Hoy tenemos una nueva imagen del hombre y exige que la ética sea proporcional a ésta. Por eso se habla de un renacimiento de la ética y su trabajo primordial debe ser intercultural, para que de esta manera pueda establecer correspondencias entre las diferentes sociedades y sea la forma de ver esta realidad multidimensional que es el hombre actual, aseguró el filósofo Evandro Agazzi.
En su conferencia magistral titulada “Una visión multilateral de la persona para el diálogo intercultural”, con la cual se inauguró el Congreso Internacional de Ética y Ética Aplicada: la Filosofía moral frente a los desafíos de la interculturalidad, en la Universidad Anáhuac, agregó que esta nueva imagen del hombre no se tenía hace 50 años. “En ese tiempo no se había descubierto el código genético y la tecnología y ciencia avanzaron tanto que ahora el mundo es algo global. Es ahí donde debe haber un renacimiento de la ética que abarque con su trabajo esta nueva dimensión del ser humano”.
Ya no vivimos en los tiempos de Aristóteles, sino tenemos que darnos cuenta de estas conexiones entre las diferentes culturas, cada una con su propia fuerza y características, añadió el también Presidente de la Academia Internacional de Filosofía de la Ciencia.
Por ejemplo, las culturas occidentales tienen ciertas dimensiones biológicas y tecnológicas y otras culturas tienen las propias. “Es ahí donde el trabajo intercultural de la ética debe estar para acercar a los individuos”.
Sin embargo, alerta que en este tiempo hay un riesgo. “Hoy la técnica está en primer plano desplazando al hombre y, por tanto, la humanidad tiene que encontrar un punto de contacto entre el desarrollo científico y tecnológico, del cual vivimos, y la exigencia ética que nunca se puede sacar del alma del ser humano”.

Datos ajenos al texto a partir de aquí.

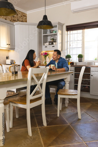 Mature Asian couple enjoying coffee and conversation at kitchen table, feeling relaxed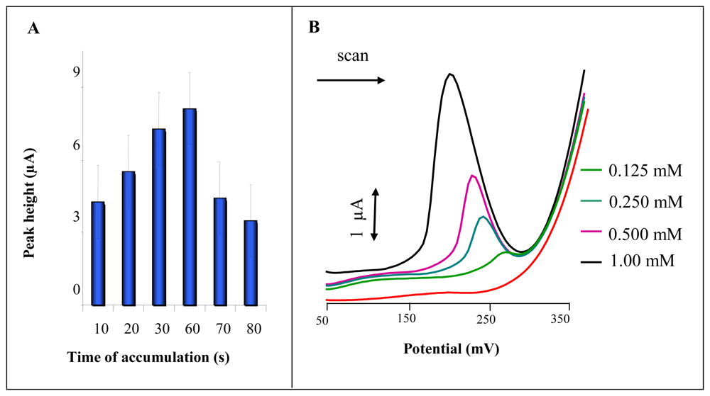 The CPE modified by solid silver (I) nitrate didn't give a signal in the presence of Britton-Robinson buffer (pH 1.8) only (not shown). Signal detected using modified CPE probably relates to formation of AgCl and its dissociation. Chlorides can be also adsorbed on the mercury electrode surface at +100 mV under formation of products with mercury similarly to silver electrodes surface. It was generally considered that this bond is too strong to be pure sorption. Their common superficial concentration is about 1.5 nmol/m2 [, ]. Therefore we tested the influence of accumulation of AgCl on the surface of modified CPE. Differential pulse voltammetric analysis was initiated by the accumulation of reaction product at potential +250 mV. The quantity of accumulated product increased with the time of accumulation up to 60 s, and then the signal declined (Figure 2A). The dependence of peak height on NaCl concentration within the range from 125 μM to 1 mM was studied (Figure 2B). The obtained signals were well developed and decreased from 1.2 μA to 0.2 μA with decreasing concentration of chloride ions. Potential of peak shifted to more positive potentials from 218 to 290 mV. Limit of detection (3 S/N) was estimated as 100 μM NaCl.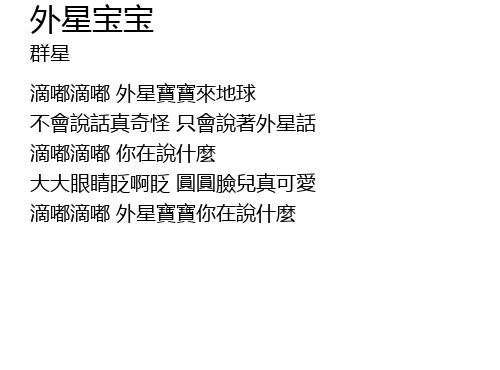 | 不會說話真奇怪 只會說著外星話 | |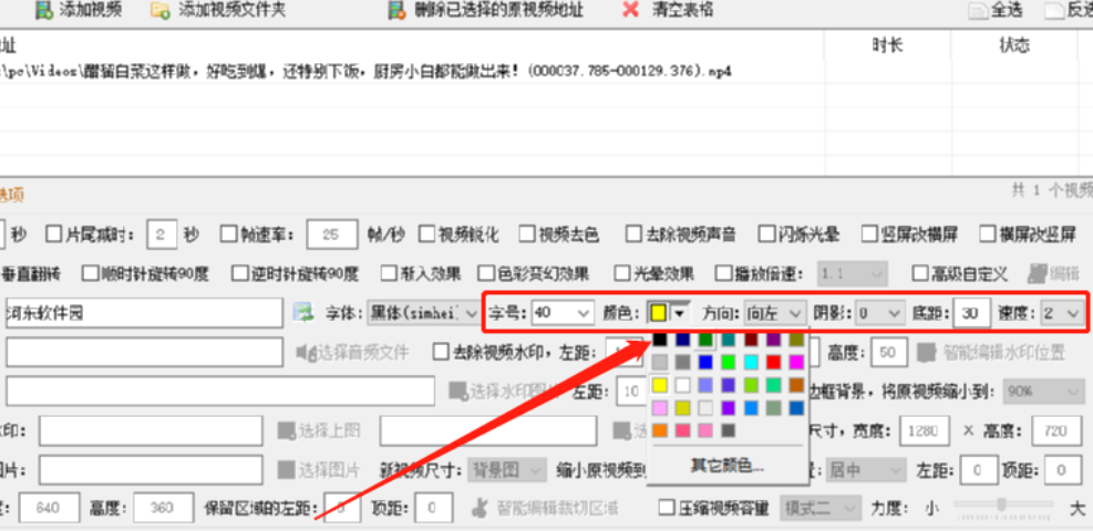 4.设置好字幕的字体之后我们还可以对字幕的字号、颜色、滚动速度等参数进行设置,用户根据自己的具体需求来设置即可。
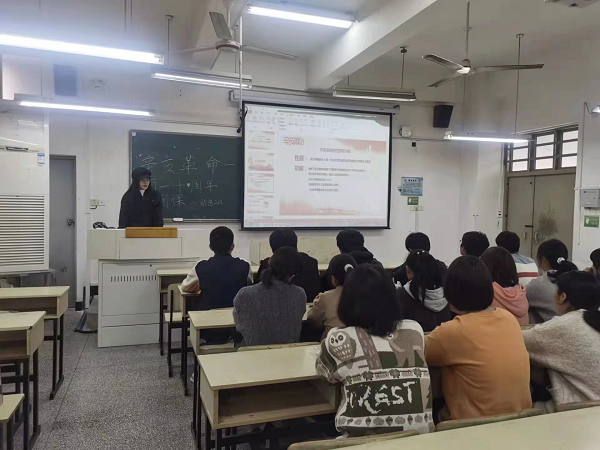 动医213团支书邓玙菡于10月23日下午在求知楼A座301带领班级同学学习了辛亥革命110周年团课。课后团员李惠康表示,“在今天下午我们一起收看了纪念辛亥革命110周年大会,感悟很深。我们现在能够坐在窗明几净的教室中上课,享受现代科技可以带给我们的幸福生活,是革命先烈舍小家、保大家换来的。忘记历史是一种背叛,而辛亥革命就是所有中国人应该铭记的一段历史,作为新时代的大学生,我无比珍惜现在的美好生活,也一定会努力学习,报效祖国!”

En ese sentido, también habló del concepto amor y dijo que su característica es que no requiere reciprocidad. Un individuo puede pensar por qué debería preocuparse por las generaciones futuras, si nada han hecho por él. Con esta reflexión, dijo Evandro Agazzi, no podríamos lograr una ética ambiental o de otro sentido para el bien de los otros.
Por su parte, el coordinador del Centro de Investigación en Ética Aplicada y Valores (CIETAV-AXIOS), Rafael García Pavón, señaló que en estos momentos estamos en la encrucijada en la que por un lado nuestra conciencia moral exige reflexión, y nuestros contextos prácticos atención sin reflexión.
“Es esta la encrucijada que denota la necesidad y la actualidad de un pensamiento ético como filosofía moral, pero que atienda la diversidad de las lógicas de estos asuntos prácticos, tratando de buscar una reunificación con un sentido humano trascendente”, agregó.
A la inauguración del congreso internacional, que seguirá hasta el 10 de octubre, asistieron Nora Ricalde Alarcón, directora de la Facultad de Humanidades y Olivia Núñez Orellana, coordinadora de Investigación, Centros y Cátedras de la Facultad de Humanidades.